Uma pesquisa realizada pela Federação do Comércio de Bens, Serviços e Turismo de Minas Gerais (Fecomércio MG) revelou que aproximadamente 65,2% das famílias em Belo Horizonte estão com pelo menos uma conta em atraso. Este número representa um aumento de 2,1 pontos percentuais em comparação ao mês anterior, marcando o maior índice desde julho de 2025.

Perfil da inadimplência

Dentre os consumidores com contas em atraso, 46,5% acumulam essas dívidas há mais de 90 dias. O tempo médio de atraso é de 62,9 dias, o que indica que muitas famílias já não conseguem absorver novas despesas no orçamento. Gabriela Martins, economista da Fecomércio MG, alerta para a necessidade de renegociar débitos para evitar que os juros aumentem ainda mais a pressão sobre a renda familiar.

Endividamento em diferentes faixas de renda

A mesma pesquisa, que analisa o endividamento e a inadimplência do consumidor, revelou que 88,6% dos habitantes da capital mineira possuem algum tipo de dívida. O estudo também mostrou que o endividamento é mais acentuado entre famílias com renda de até 10 salários mínimos, onde o percentual chega a 89,7%. Para aquelas com rendimento superior a 10 salários mínimos, o índice é de 81,8%.
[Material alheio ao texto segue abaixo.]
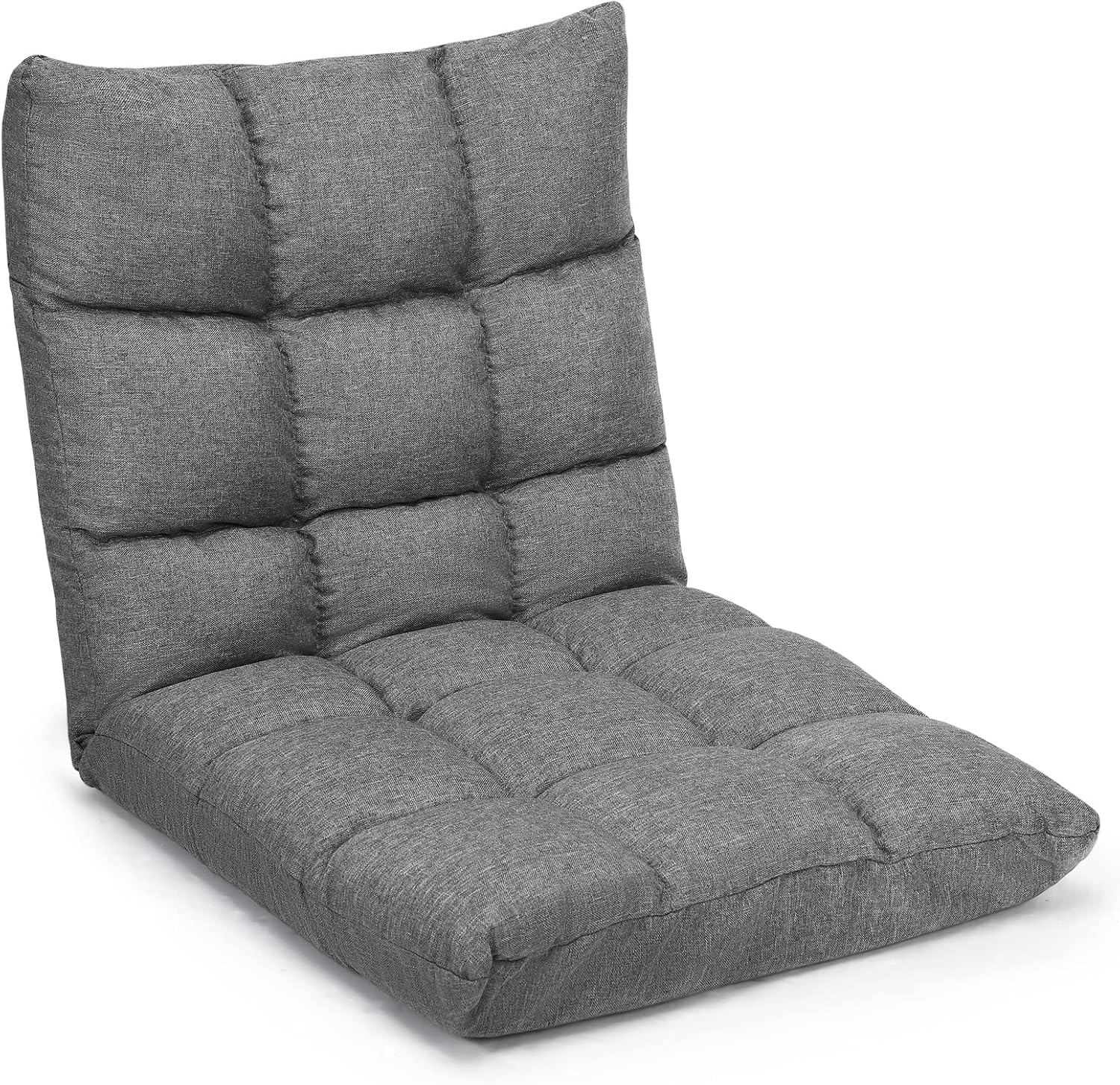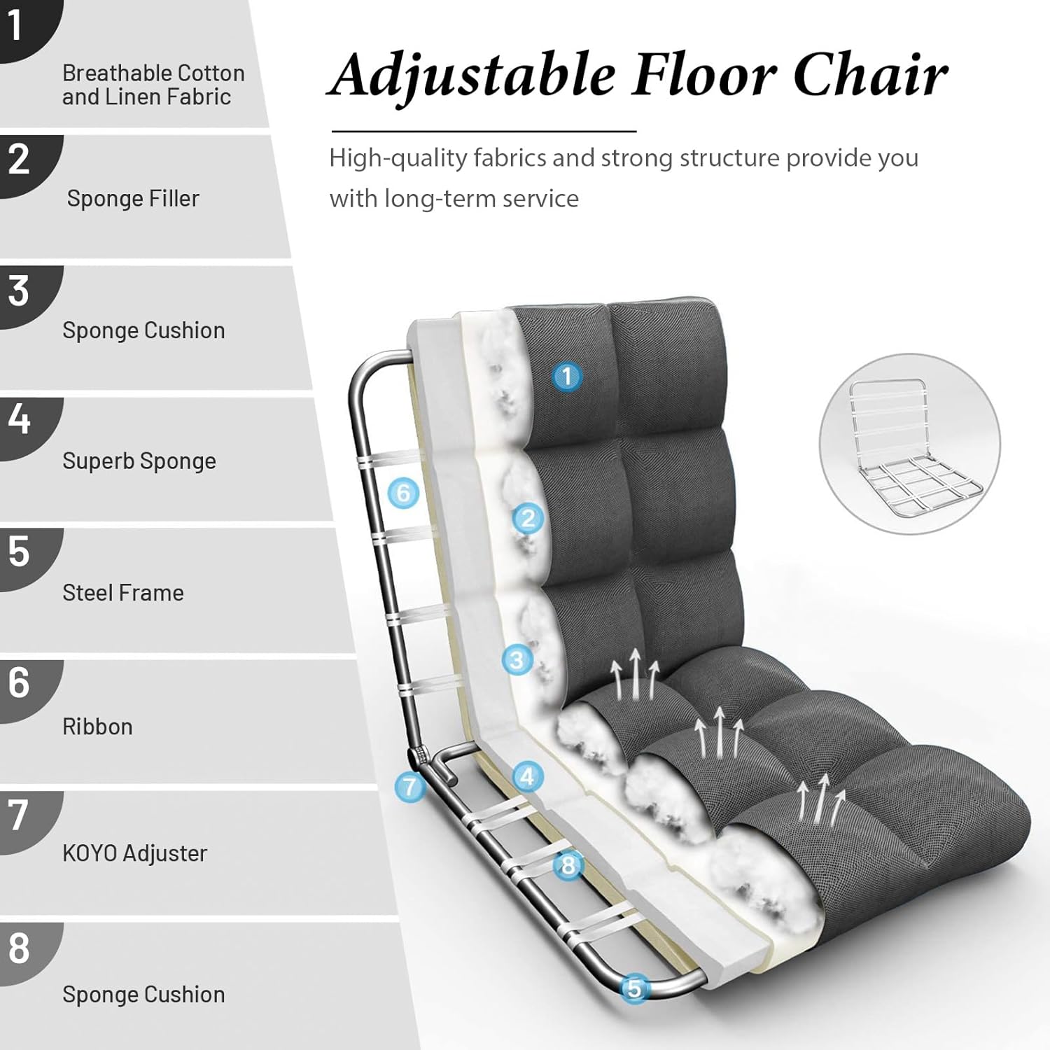 - 🛋️~Verstellbare Rückenlehne~Die Rückenlehne dieses Bodenstuhls lässt sich in 14 Positionen verstellen, so dass Sie den richtigen Winkel nach Ihren Bedürfnissen wählen können, um sich bequemer anlehnen zu können.

Cartão de crédito como ferramenta financeira

O uso do cartão de crédito tem se tornado cada vez mais comum entre as famílias que buscam equilibrar seu orçamento. A pesquisa indicou que 97% dos consumidores possuem dívidas nesta modalidade, seguidas por 29,3% em carnês de lojas e 10,1% em crédito pessoal. A economista Gabriela Martins destaca que, apesar de ser um recurso útil, o uso indiscriminado do cartão pode levar a um comprometimento excessivo da renda familiar.

Comprometimento da renda e prazos das dívidas

Os dados mostram que 78,5% dos consumidores têm compromissos financeiros com prazos iguais ou superiores a três meses, enquanto o comprometimento médio da renda para o pagamento de dívidas é de 32,6%. Alarmantemente, 81,4% dos entrevistados destinaram mais de 10% de sua renda mensal para quitar dívidas, com 30,2% afirmando que esse comprometimento ultrapassa a metade do orçamento familiar.

Desafios financeiros e percepção de endividamento

Gabriela Martins comenta que, mesmo com sinais positivos no mercado de trabalho, o orçamento das famílias continua sob pressão. A pesquisa também revelou que 40,1% dos participantes se consideram pouco endividados, enquanto 20,2% se classificam como muito endividados. Além disso, 26,6% dos entrevistados não acreditam que conseguirão pagar suas dívidas em atraso no próximo mês, um aumento preocupante em relação ao mês anterior.